Enhanced biocompatibility of PAMAM dendrimers benefiting from tuning their surface charges.

The surface charge of dendrimers is one of the key factors that determine their use in nanomedicine. Generation 5 poly(amido amine) dendrimers (G5 PAMAM) encapsulating with fluorescein sodium were employed to study the method to tune surface charge. Firstly, the surface primary amines were reacted with maleic anhydride to introduce double bonds. Then, l-cysteine and cysteamine were conjugated to these double bonds via thiol-ene additions in water, respectively.

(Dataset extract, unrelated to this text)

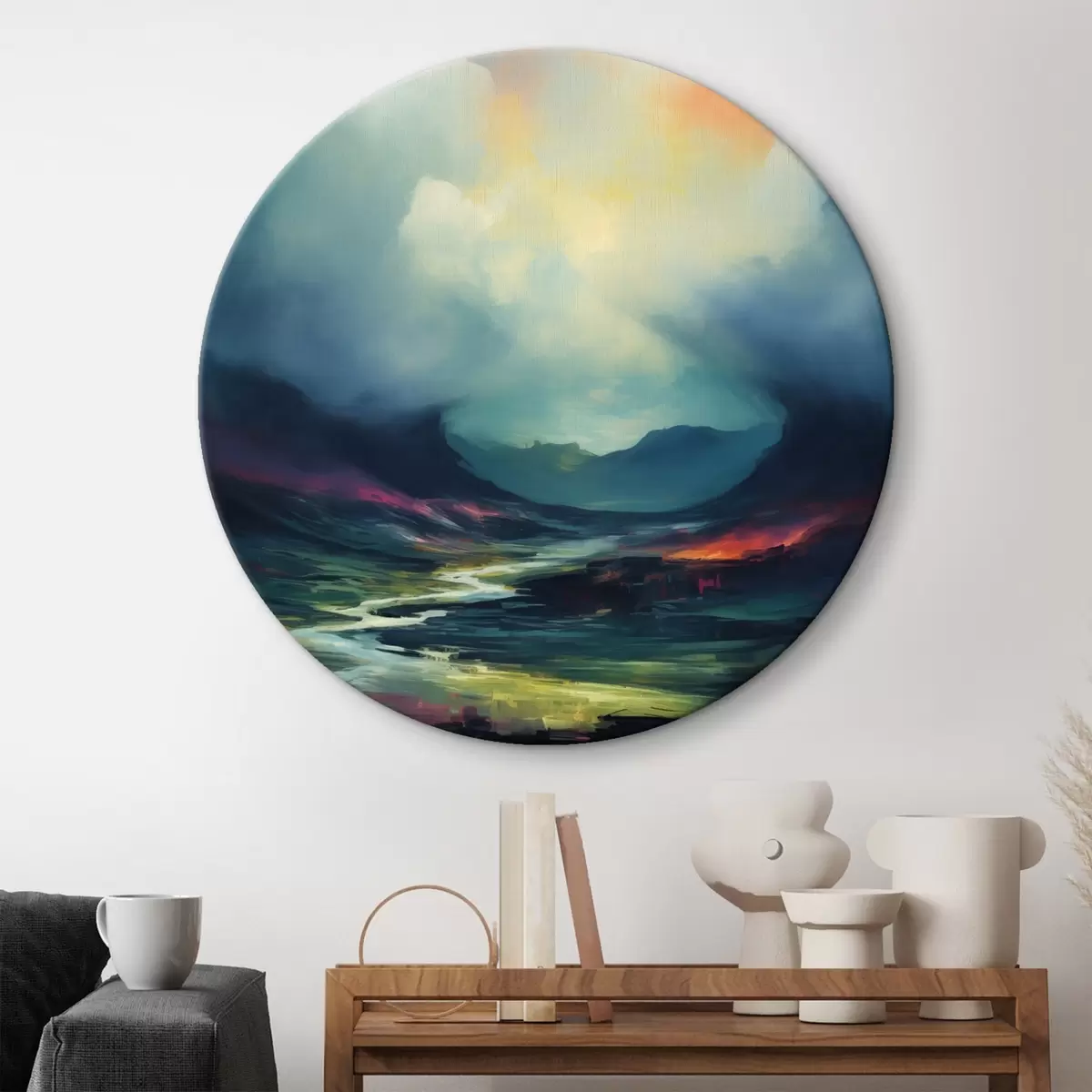 Tableaux rondes Paysage abstrait avec une rivière et des montagnes Nr r45627

The surface charges of modified G5 PAMAMs were successfully controlled by tuning the molar ratio of L-cysteine to cysteamine. The surface charges of the resulting modified G5 PAMAMs varied from -16.0 mV to -3.7 mV at physiological pH. In addition, they showed good compatibility with proteins and cells compared with G5 PAMAM. Modified G5 PAMAMs and fibrinogen could coexist in solution without generating noticeable aggregation, while G5 PAMAM induces significant aggregation, indicating these modifications can effectively reduce the interaction force between G5 PAMAM and proteins. Furthermore, modified G5 PAMAMs exhibited negligible hemolysis, while G5 PAMAM caused severe hemolysis. The cytotoxicity assay demonstrated that modified G5 PAMAMs exhibited very low cytotoxicity to both HUVEC cells and KB cells (>90% cell viability) at high concentrations up to 2 mg/mL. The cellular uptake of them was much less efficient compared with that of G5 PAMAM. Moreover, the intravenous injected modified G5 PAMAMs were excreted by kidney with a relatively little accumulation in liver, confirming their good biocompatibility in vivo. It is expected that the modified G5 PAMAMs could be an excellent candidate for contrast agent carriers in the future.